The second and third segments, which will connect at FM 2920 and continue to FM 149 in Pinehurst, are in the planning stages and will begin construction in early 2016.
Along those same lines, the long anticipated Grand Parkway, which is under construction, will connect with U.S. 290 in Cypress and span 38 miles on its way through Tomball to Interstate 69 north of Kingwood.
Harris County Precinct 4 Commissioner Jack Cagle said Tomball is becoming more and more connected to other communities as a result of mobility.
“Tomball is a prime example of that perfect place, where we are starting to connect Tomball with the world,” Cagle said. “I love it when a plan comes together.”

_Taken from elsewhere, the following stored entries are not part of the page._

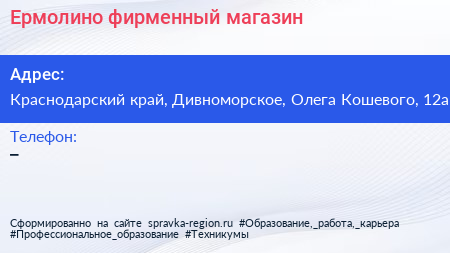 Ермолино, фирменный магазин по адресу Краснодарский край, Дивноморское, Олега Кошевого, 12а в дальнейшем Организация, размещена в следующих категориях: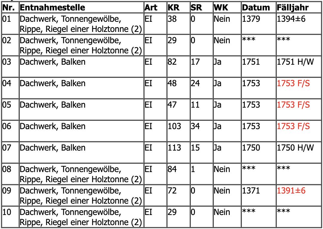 Fällzeitraum: F/S = Frühjahr/Sommer, H/W = Herbst/Winter.Baujahr = Fälljahr +1 (das trifft für die meisten Gebäude zu) Kommentar > hierzu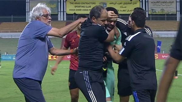 الشناوي الخروج قبل المهاجم من أجل الاستحواذ على الكرة.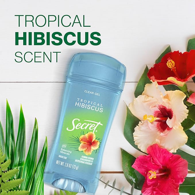 Secret Fresh Antiperspirant Deodorant for Women, 72hr Breathable Sweat & Odor Protection, Instant Freshness & Gentle, PH Balancing Minerals, Clear Gel, Tropical Hibiscus Scent, 2.6 oz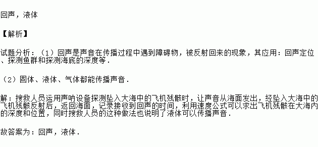 回声,液体 【解析】 试题分析:(1)回声是声音在传播过程中遇到障碍物,被反射回来的现象,其应用:回声定位、探测鱼群和探测海底的深度等. (2)固体、液体、气体都能传播声音. 【解析】 搜救人员运用声呐设备探测坠入大海中的飞机残骸时,让声音从海面发出,经坠入大海中的飞机残骸反射后,返回海面,记录接收到回声的时间,利用速度公式可以求出飞机残骸在大海内的深度和位置,同时搜救人...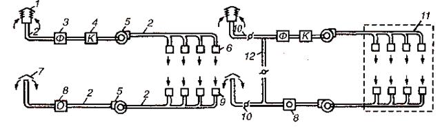 а – приточная; б – вытяжная; в – приточно-вытяжная; 1 – воздухоприемник для забора чистого воздуха; 2 – воздуховоды; 3 – фильтр для очистки воздуха от пыли; 4 – калориферы; 5 – вентиляторы; 6 – воздухораспределительные устройства (насадки); 7 – вытяжные трубы для выброса удаляемого воздуха в атмосферу; 8 – устройства для очистки удаляемого воздуха; 9 – воздухозаборные отверстия для удаляемого воздуха; 10 – клапаны для регулирования количества свежего, вторичного рециркуляционного и выбрасываемого воздуха; 11 – помещение, обслуживаемое приточно-вытяжной вентиляцией; 12 – воздуховод для системы рецикуляции

The completion of the first phase of Texas 249 was not expected to generate as much usage as it already has seen, he said. Within the first 90 days, the Harris County Tollroad Authority said as many as 30,000 motorists were already using the tollway daily, nearly double what was projected.
“Everyone said that number was way optimistic, because a lot of people take their time before they start to shift (their driving routes),” Cagle said.
Although mobility has been the driving force of growth in the city and region, companies are also relocating and expanding in the area. In April, Kelly Violette, executive director for the Tomball Economic Development Corp., announced that Canadian-based Packers Plus Energy Services would be relocating their Houston headquarters to the Tomball Business and Technology Park. Then in June, Coastal Power Systems announced they would be moving their headquarters, shop facility and shipping and warehouse spaces to the business park.
While the business park is beginning to take shape, retailers and restaurants also are seeing Tomball as an attractive destination. Earlier this year, the city hosted two public hearings to bring the Grand Parkway Town Center, a $500 million retail center, to the intersection of the Grand Parkway and Boudreaux Lane. City Manager George Shackelford said the development will generate as much as $80 million in sales tax revenue. Last year, the city issued 76 commercial construction permits to the tune of $13 million.
Building permits for residential construction have also skyrocketed in recent years. In 2014, the city issued 240 residential permits, amounting to $27 million in construction.
All of this development and growth is exciting for the city and northwest Houston, Fagan said. “Part of the reason this community is growing so rapidly is that people really do want to be here,” she said.